Mrs A first reported concerns about her child when they were about two years old, as she felt they had some developmental issues. When the child was between four and five years old, community paediatrics undertook two formal assessments for ASD, both of which concluded that the child did not have ASD (although showed some ASD traits). Mrs A was dissatisfied with these results and sought the opinion of a private psychologist, who also considered her child had some ASD traits, although did not fulfil all the diagnostic criteria for ASD. Over the next nine years, the child continued to have developmental problems and was in on-going contact with health professionals and social workers. The child was also referred on several occasions to the children's reporter, including for non-attendance at school and for lack of parental care. While Mrs A asked on a number of occasions for a further assessment of ASD, the board considered that this had already been ruled out, and did not agree to offer a second opinion.

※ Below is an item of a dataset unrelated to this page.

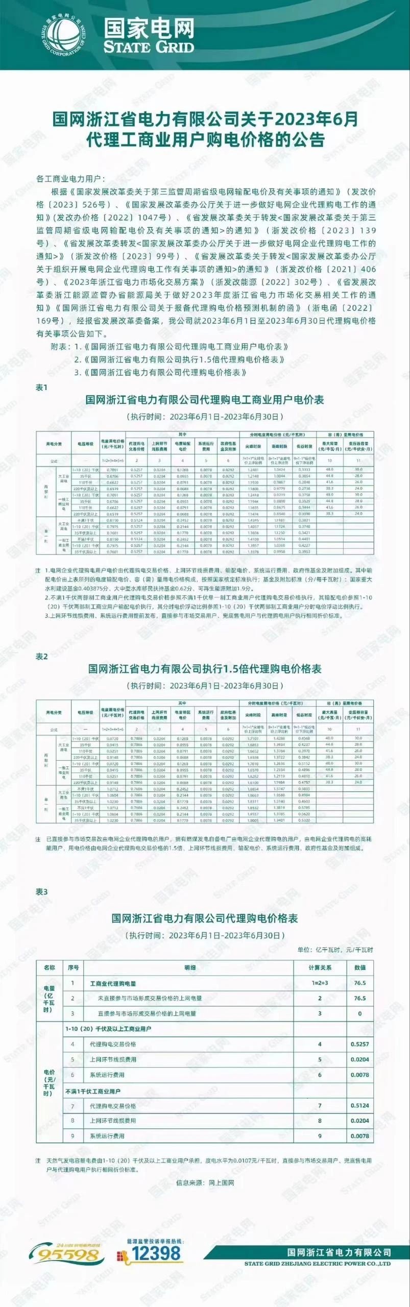 日前,国网浙江发布2023年6月代理工商业用户购电价格信息。根据信息,2023年6月尖峰电价高达1.7107元/度、高峰电价:1.4288元/度、低谷电价:0.4568元/度。

When the child was ten, Mrs A's solicitor obtained an independent psychologist's opinion for the children's reporter hearing, which found that there had not been appropriate assessments of ASD to date. Mrs A then asked her GP for a second opinion from a different NHS board, and the GP arranged an admission to a hospital outside the board area. As a result of that admission, the child was diagnosed with ASD. In view of the different diagnosis, the board undertook a significant event review (SER). The board also planned to meet with the hospital team which had diagnosed ASD, to discuss the case, although this had not been done at the time of our investigation.

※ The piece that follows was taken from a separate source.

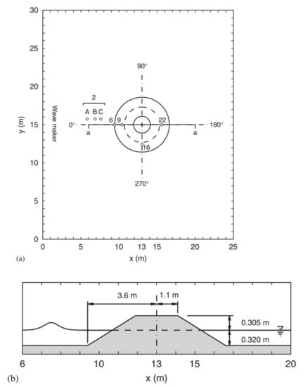 A large-scale laboratory experiment to study solitary wave runup on a conical island was conducted by Briggs et al. []. The experiment was conducted in a 30 m wide and 25 m long basin (Figure 10). The center of the island is located at x = 13 m and y = 15 m, and the shape of the island is a truncated circular cone with diameters of 7.2 m at the toe and 2.2 m at the crest. The vertical height of the island is about 62.5 cm, with a 1:4 beach face. A 27.4 m long directional spectral wave maker, which consisted of 61 paddles, generated solitary waves for the experiment. Wave absorbers at the three sidewalls reduced reflection. Different still water depths and relative wave heights were tested in the experiment. In this study we consider the still water depth h = 32 cm and three cases denoted as I, II, and III with relative wave heights A/h = 0.045, 0.096, and 0.181, respectively.

Mrs C complained about the board's failure to undertake appropriate assessments and their handling of Mrs A's complaint. After taking independent medical advice from an experienced psychiatrist, we upheld Mrs C's complaints. Our adviser said that, although the initial assessment for ASD was reasonable for the time, further assessments should have been done when the child continued to have problems over the next few years. The adviser also said that the board should have given Mrs A a second opinion when she asked for one. However, the adviser said that the SER conducted by the board in response to the complaint was reasonable. In relation to the complaints handling, we found that the board had delayed unreasonably in responding to Mrs A's complaint, as well as failing to keep her updated, or respond to her requests for updates on several occasions.
Recommendations
We recommended that the board:
- arrange a meeting with the other board's team that diagnosed ASD, to discuss the differences in diagnosis in this case (as planned during the SER process);
- issue a written apology to Mrs A for the failings our investigation found;
- bring the failings identified in our investigation to the attention of relevant complaints handling staff; and
- remind complaints handling staff of the need to update complainants regularly where the complaint exceeds 20 working days, and to ensure that the full response is issued without undue delay.